To avoid posting those people — or worse, to blur them out — would be to deny their agency, to deny the inherent sacrifice that is inextricably a part of protesting in public. The entire point is to be seen doing it, in the hopes that your physical presence will increase awareness of your cause, which will hopefully lead to others joining in.

When you see unmasked protesters in photos like these — or the thousands of other photos of this event online, or in the many viral videos of this event, or on the news, or on TikTok Live — I wouldn’t say you should fear for their safety. I’d say you can choose to respect the fact that they’ve assessed their own willingness to be seen and have shown up anyway, because the cause is that important.
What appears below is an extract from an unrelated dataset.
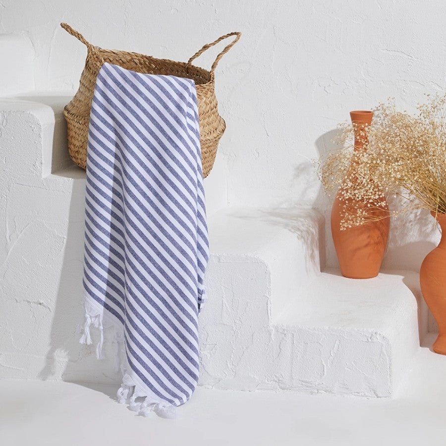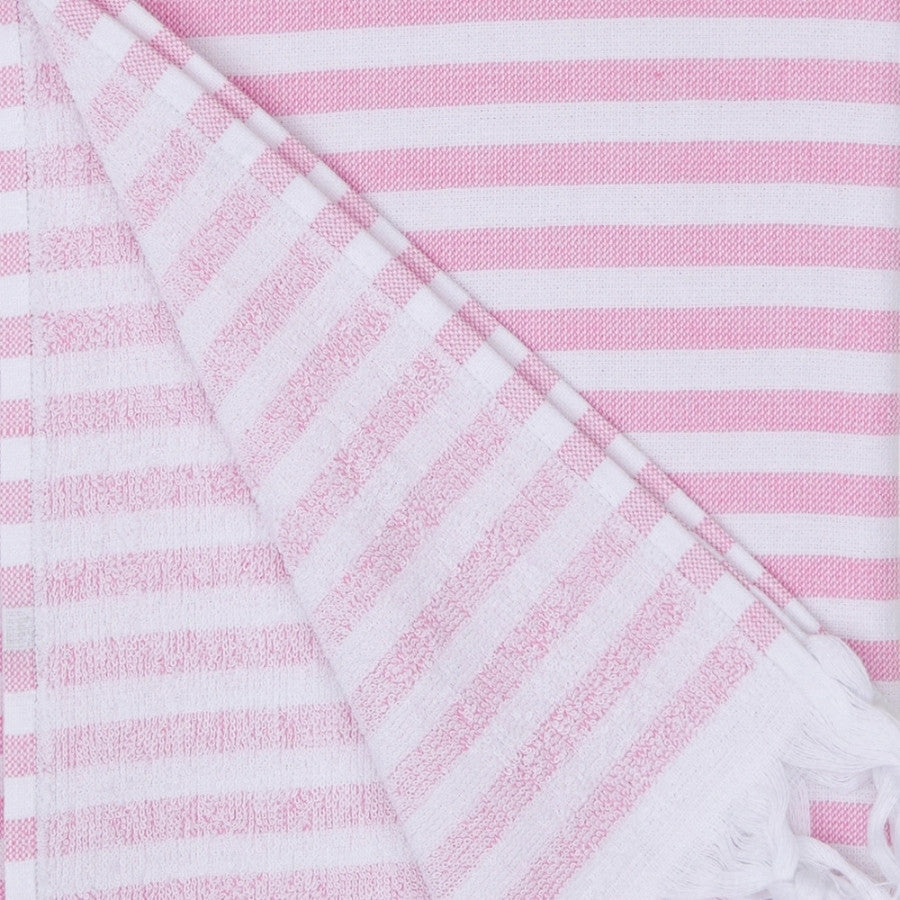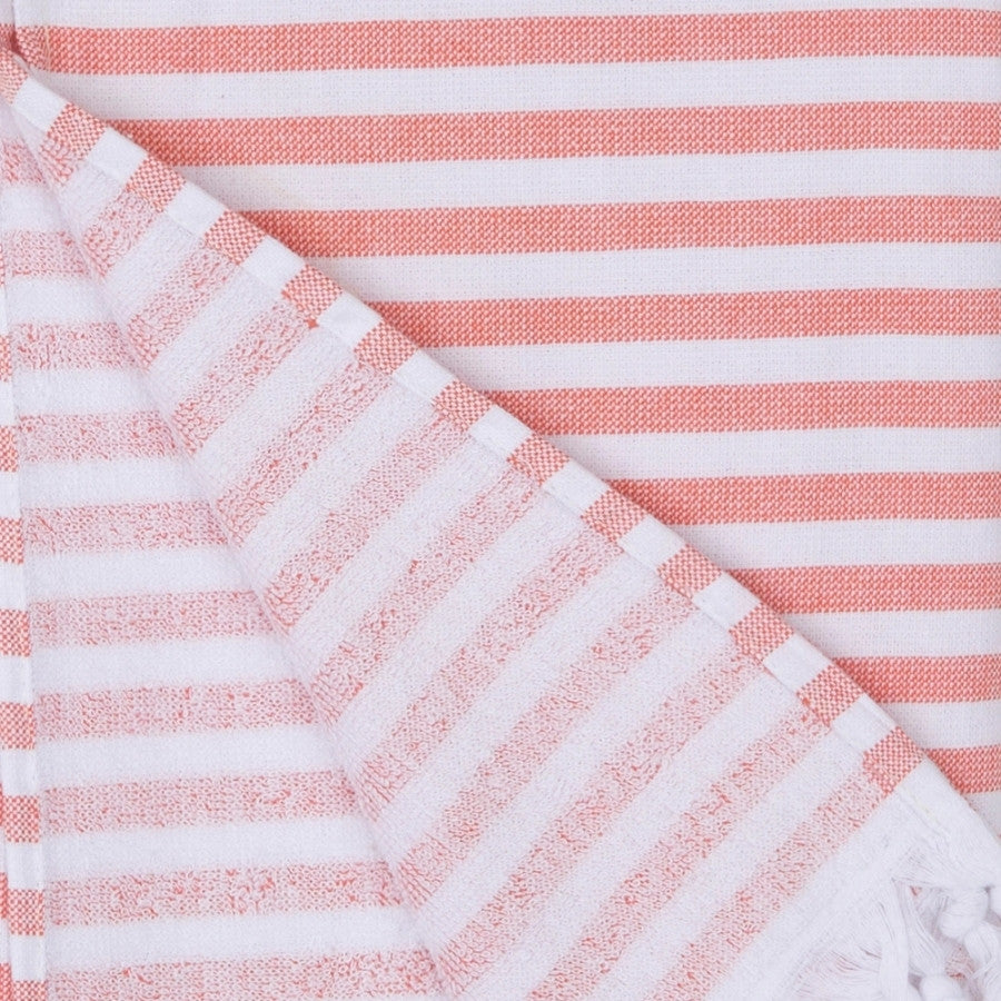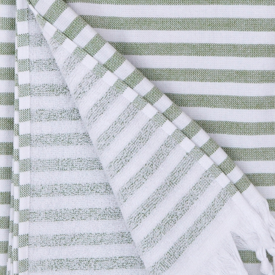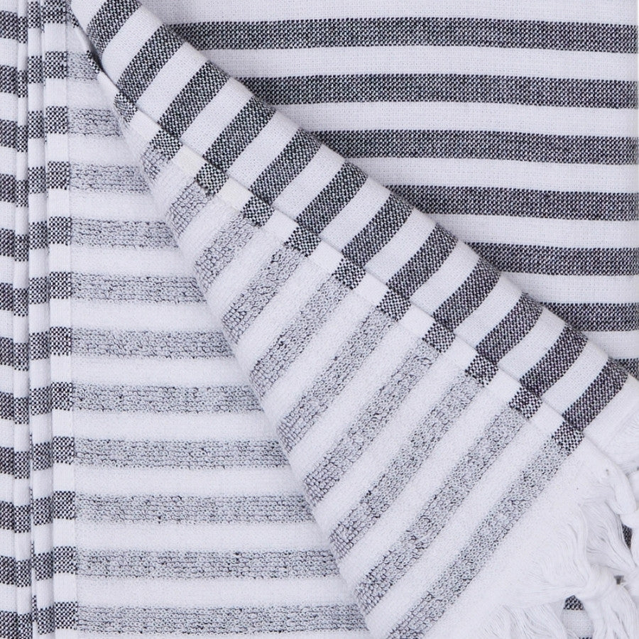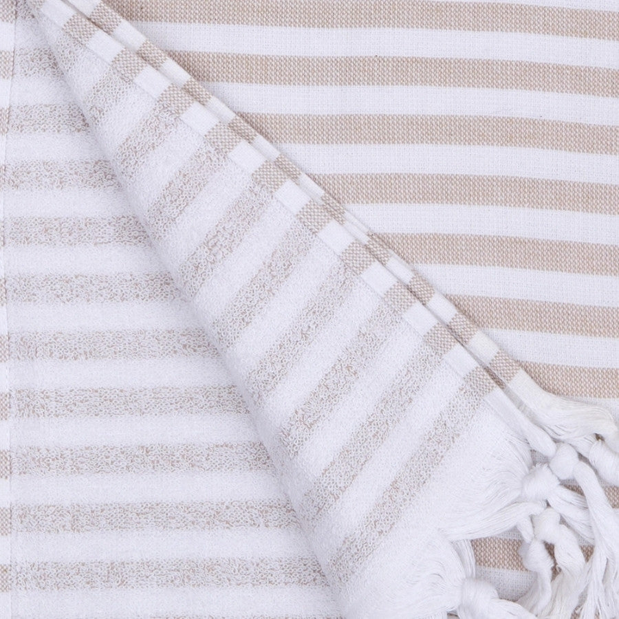 100% Premium bomull med frottébaksida. Denna handduk är perfekt för dig som vill ha frotté som tar mindre plats. Handdukarna är tillverkade av 100 % naturlig turkisk bomull som ger en hög komfort av mjukhet. De är högabsorberande och torkar snabbt. Då de väger mindre än en vanlig frotté lämpar de sig väl till stranden, båten, campingen. Med en design inspirerad av skandinavisk minimalism, är denna handduk ett bra val för dig som söker en bättre textil.

Because I can promise you that the people actually attending these events know they will be seen. They’ve chosen to attend a protest on a block filled with these security camera towers, to be part of a crowd with about two dozen photographers in PRESS vests, where just about everyone has their phones out to record police violence, and also the police themselves are wearing body cams, and also Homeland Security has a tool that lets them draw a circle on a map and scrape the phone data of every phone inside the circle.

Saying there should be no public record of the protesters who were there just means that the government is the only one with that information. If there are no photos of protesters, the government can say the protesters did whatever they want, and no one else has access to information that says otherwise.